◆ Task
Retype, word for word, every line from the one holding "石の上に加藤清正が乗っている" through the one holding "Casa Africana offers" in the entries below, both included, and only those lines.
:: Records provided
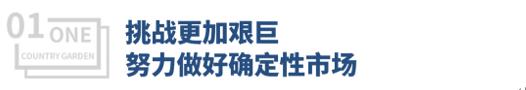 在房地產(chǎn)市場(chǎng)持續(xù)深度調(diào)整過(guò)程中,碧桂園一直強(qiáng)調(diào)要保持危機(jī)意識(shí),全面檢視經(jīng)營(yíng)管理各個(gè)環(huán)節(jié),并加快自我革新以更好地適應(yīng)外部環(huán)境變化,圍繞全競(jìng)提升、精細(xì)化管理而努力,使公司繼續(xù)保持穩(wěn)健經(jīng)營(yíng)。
::::
:: Records provided
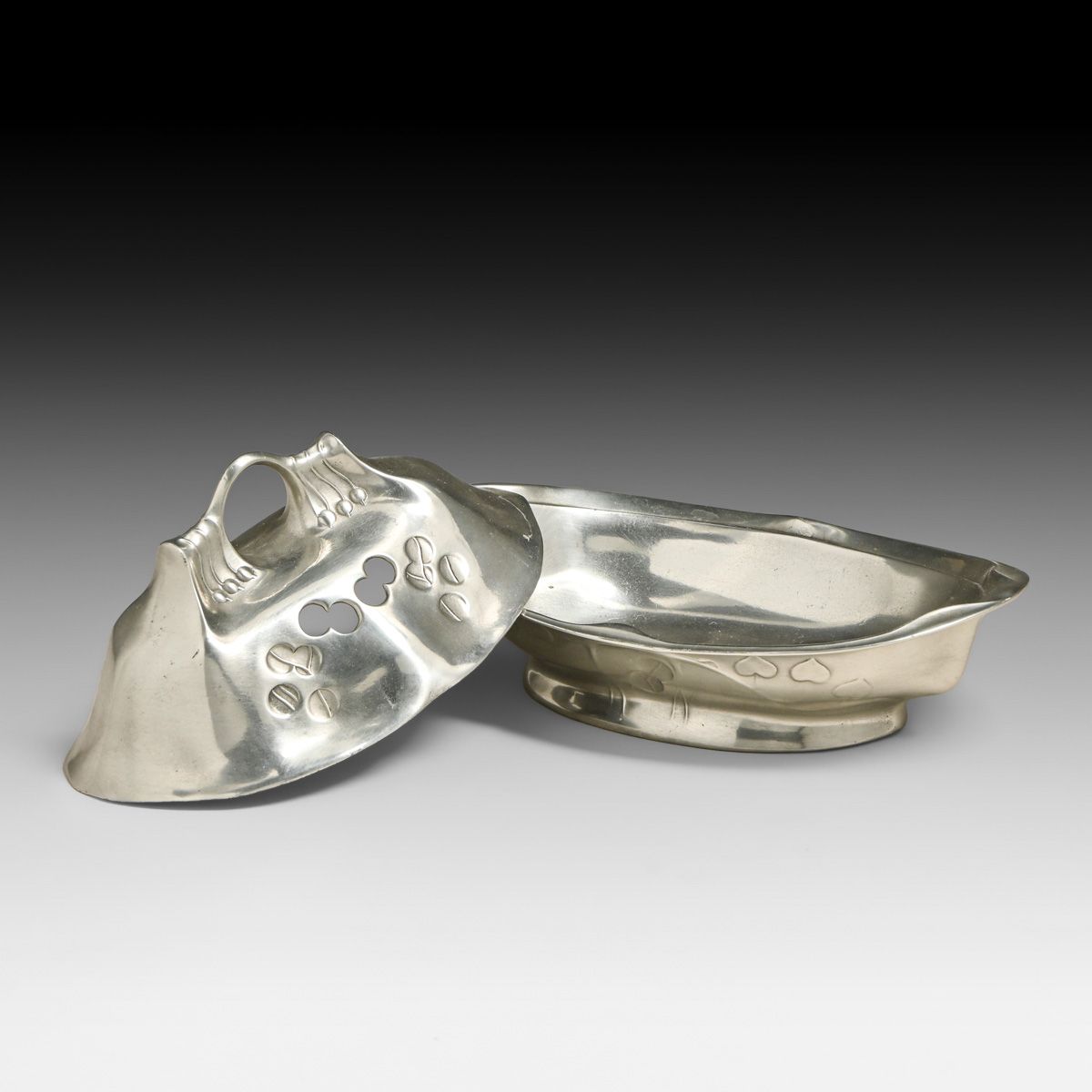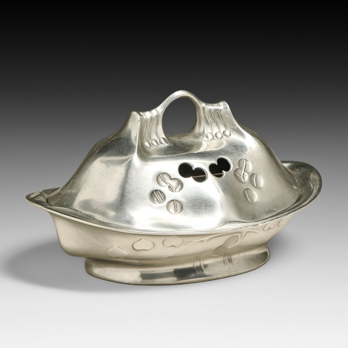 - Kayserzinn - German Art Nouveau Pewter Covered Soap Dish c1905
::::
:: Records provided
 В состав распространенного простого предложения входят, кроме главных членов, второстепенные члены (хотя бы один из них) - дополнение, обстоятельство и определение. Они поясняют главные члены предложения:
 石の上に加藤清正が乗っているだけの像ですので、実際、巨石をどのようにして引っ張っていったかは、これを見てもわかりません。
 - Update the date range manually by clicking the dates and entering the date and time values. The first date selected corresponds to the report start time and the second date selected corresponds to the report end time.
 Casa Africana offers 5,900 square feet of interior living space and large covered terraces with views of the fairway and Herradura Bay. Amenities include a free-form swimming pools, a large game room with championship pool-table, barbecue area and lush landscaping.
::::
◆ Exercise response
 石の上に加藤清正が乗っているだけの像ですので、実際、巨石をどのようにして引っ張っていったかは、これを見てもわかりません。
 - Update the date range manually by clicking the dates and entering the date and time values. The first date selected corresponds to the report start time and the second date selected corresponds to the report end time.
 Casa Africana offers 5,900 square feet of interior living space and large covered terraces with views of the fairway and Herradura Bay. Amenities include a free-form swimming pools, a large game room with championship pool-table, barbecue area and lush landscaping.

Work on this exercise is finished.